Ele percebeu que havia muita análise de qualidade sendo feita de forma visual e passou a pensar como automatizar esses processos. Os três pensaram juntos e, após conversarem com alguns conhecidos do setor, a ideia da ZoomAgri surgiu.

No meio das movimentações envolvendo a compra da Nidera, onde Martinez atuava, e da Noble pela Cofco, ele decidiu sair da empresa e buscar investidores para colocar a startup de pé. “Conhecemos os players do mercado e também os problemas, isso nos permite crescer rápido”, afirmou.

A empresa nasceu atendendo produtores de cevada, mas quando a Argentina aprovou o cultivo de trigo transgênico no país em meados de 2020, a ZoomAgri viu uma oportunidade de atuar de forma forte na cultura.

“O pioneirismo argentino gerou oportunidades de um lado e dificuldades de outro. O trigo estava aprovado no país, mas não no resto do mundo, o que trouxe um risco de os produtos serem rejeitados ao chegar nos portos.
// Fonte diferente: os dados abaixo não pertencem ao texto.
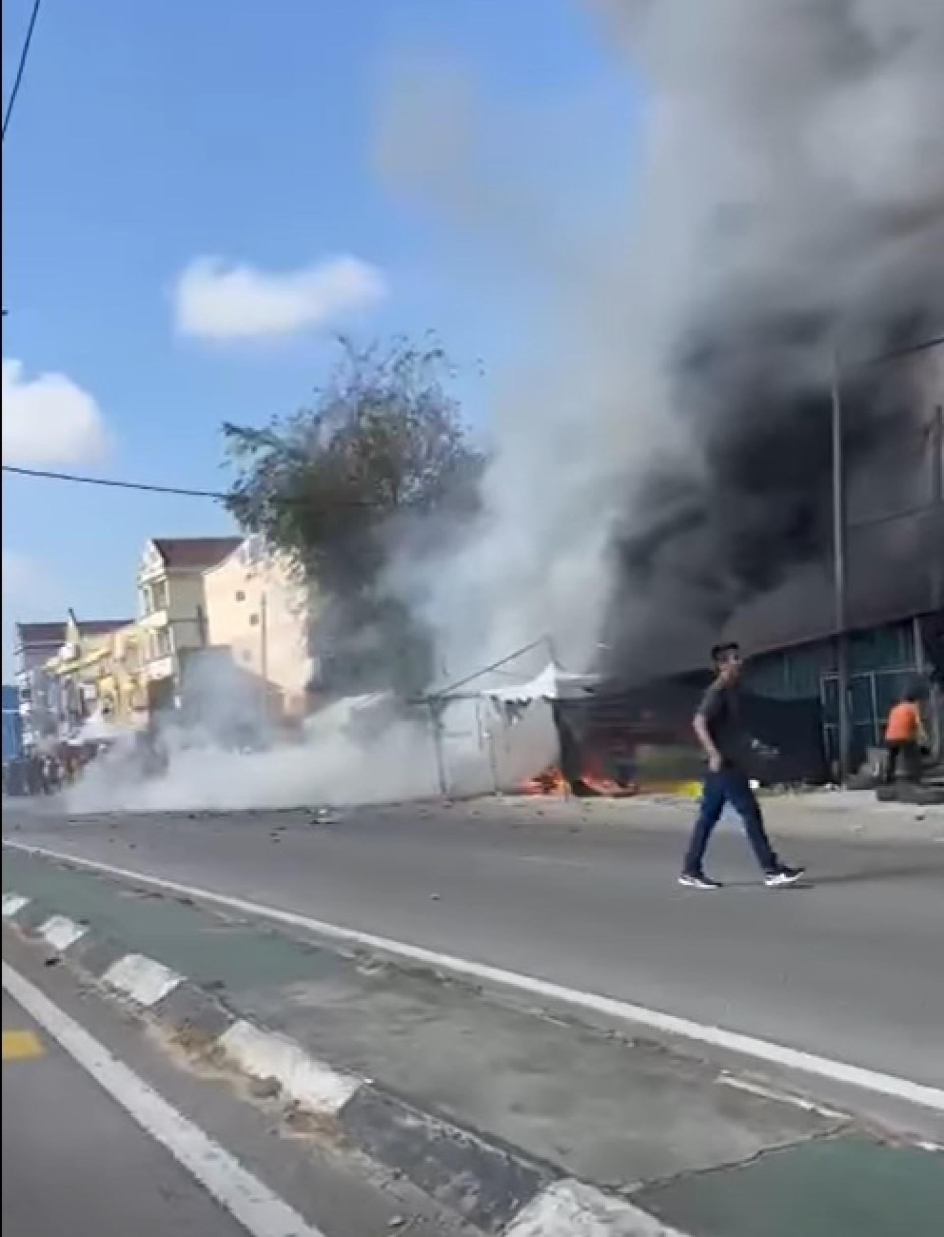 根据《Kosmo!》报道,此烟花爆竹档口就位于大马路旁。而烟花档口的突然失火,导致当地商贩和道路使用者陷入一片惊慌。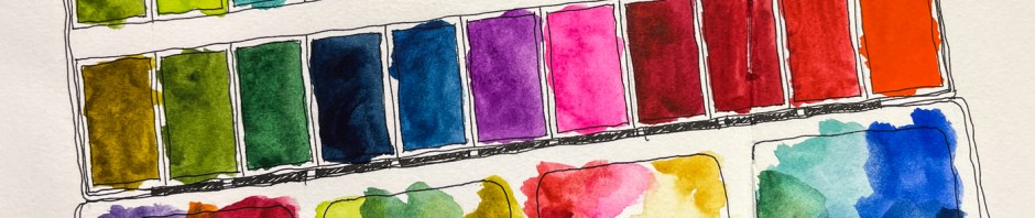 I bought new colors, the first I’ve bought in a long time, from The Merri Artist, an Oregon company. (I like supporting small businesses whenever possible.) Above, the new palette colors from Holbein and Daniel Smith. I have never bought many cadmium colors so tried a couple of those.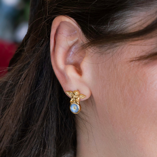 Orecchini BOLLE in acciaio inox oro, zircone azzurro, con resina e Pizzo della regina Anna bianco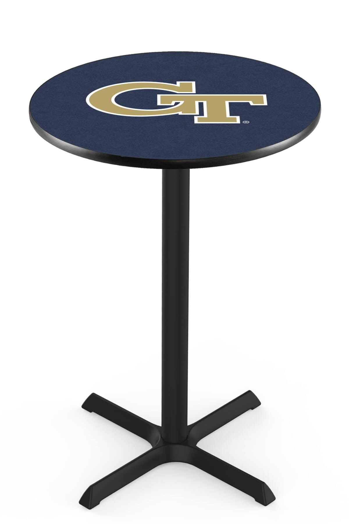 Enhance your bar, game room, or man cave with this high-quality 36-inch pub table with a 30-inch top and cross base design. This table is crafted for durability and style, featuring a vibrant, full-color laminate top that is both scratch-resistant and easy to clean. Its black wrinkle powder-coated base ensures a sleek, long-lasting finish, while adjustable levelers provide stability on any flooring. Built with commercial-grade materials, this table offers exceptional functionality and sophistication, making it a perfect addition to your space.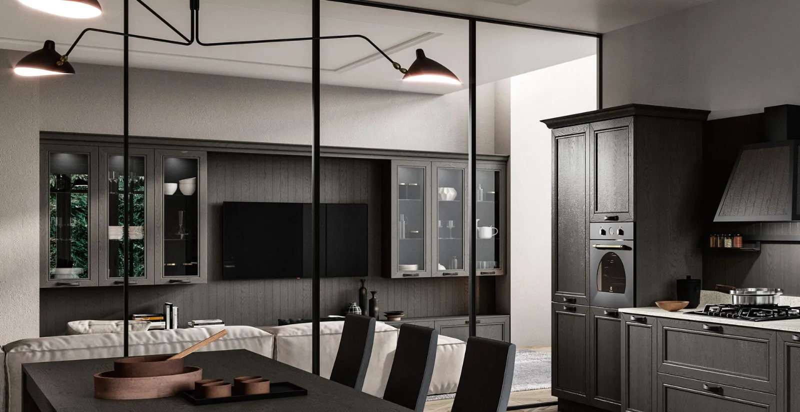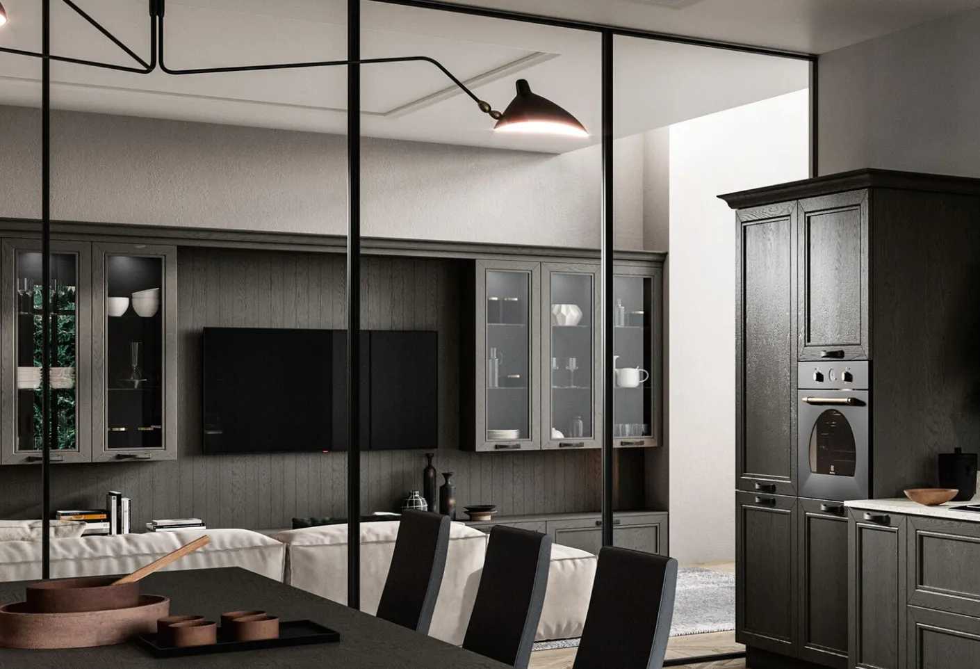 Enrich your interiors with classic Wall Units from Arredo3: in our store you will find furniture and design accessories made of top quality materials and from the best brands. Whether mounted on the wall or placed in the center of the room to optimize an open space, the most beautiful furnishing compositions on the market furnish the living area while optimizing the available space. The Arredo3 Opera Living Wall Unit in the picture has great modularity and different customization possibilities: discover the wall unit shown here and contact us for more information and quotes.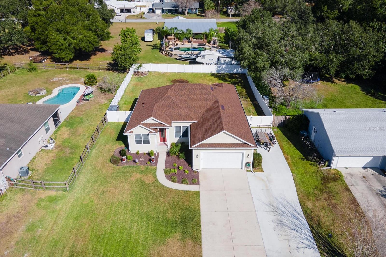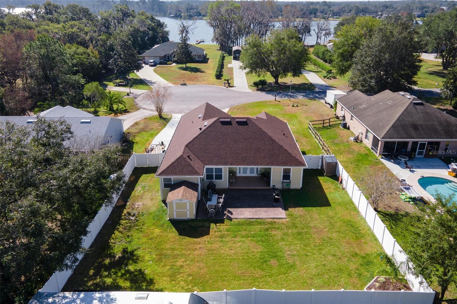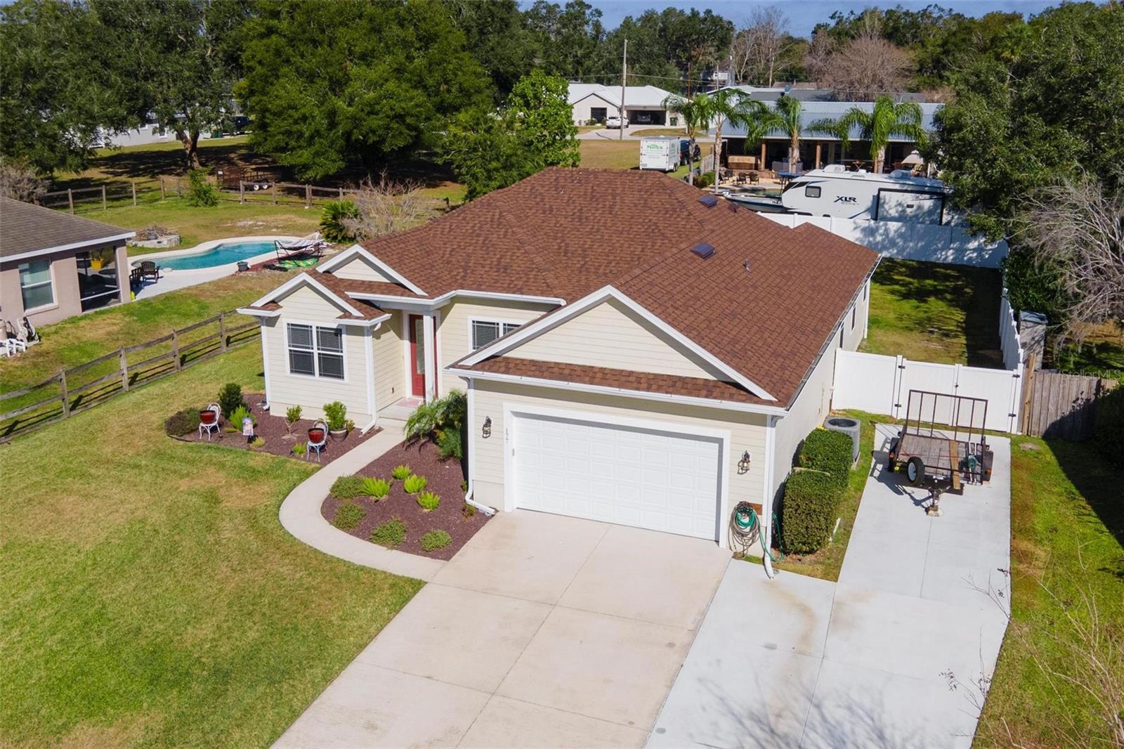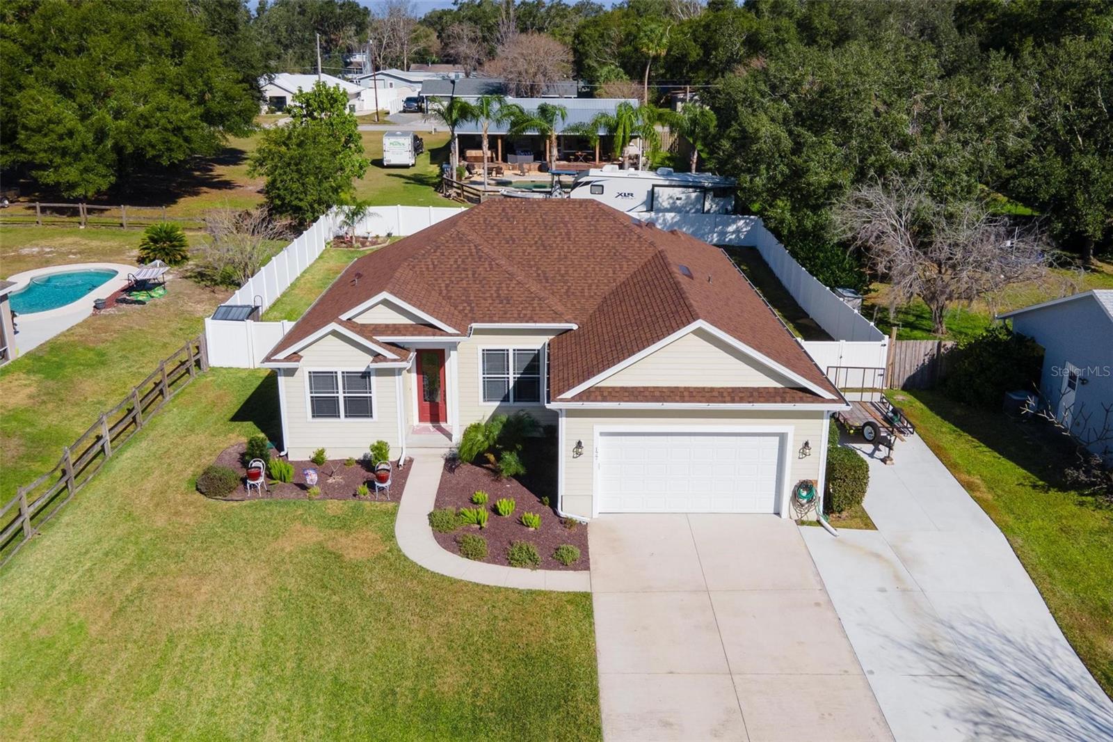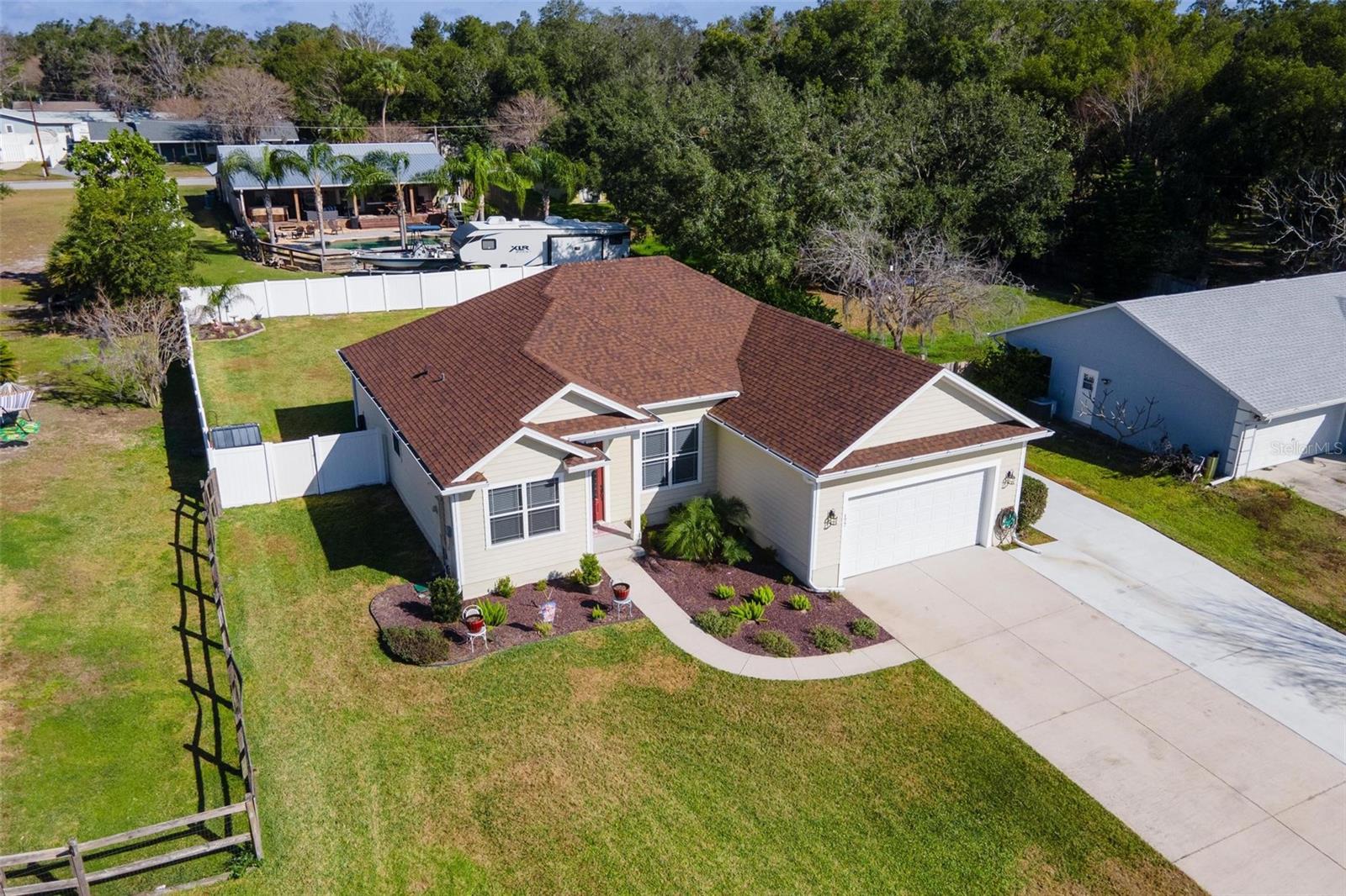 Faça esta bela casa em um plano dividido em um bairro procurado e procurado e bem hoje! Sem HOA, uma vista adorável do lago Umatilla e um quintal lindamente paisagístico, esta casa oferece estilo e conforto. O interior espaçoso possui tetos altos com elegantes molduras de coroa dupla e tetos de bandeja em toda a planta piso de conceito aberto. O teto do Cypress Patio e a iluminação atualizada adicionam um toque extra de sofisticação. As portas francesas personalizadas levam da sala a um pátio coberto estendido, que foi pavimentado para um charme adicional. A cozinha possui armários de madeira personalizados e aparelhos mais novos, enquanto o recanto do café da manhã inclui assentos embutidos com mesa e armazenamento. O recém-cercado quintal com cercado em vinil oferece amplo espaço para relaxantes e divertidos. As atualizações recentes incluem um novo aquecedor de água quente, um novo sistema HVAC e um novo telhado (instalado em agosto de 2023). Recursos adicionais incluem dois novos galpões, concreto extra derramado em 2024 para acomodar o estacionamento para um barco ou RV e câmeras de segurança para tranquilidade. Esta casa está convenientemente localizada perto de escolas, compras, restaurantes e a floresta nacional Ocala

Eram milhões de dólares em mercadoria em risco”, conta.

Com isso, a ZoomAgri desenvolveu uma tecnologia para diferenciar o trigo transgênico do tradicional. Segundo Martínez, a tecnologia da empresa está presente em todos os portos argentinos.

“Todo trigo que sai da Argentina é analisado pela nossa tecnologia, inclusive o que chega no Brasil”, finaliza.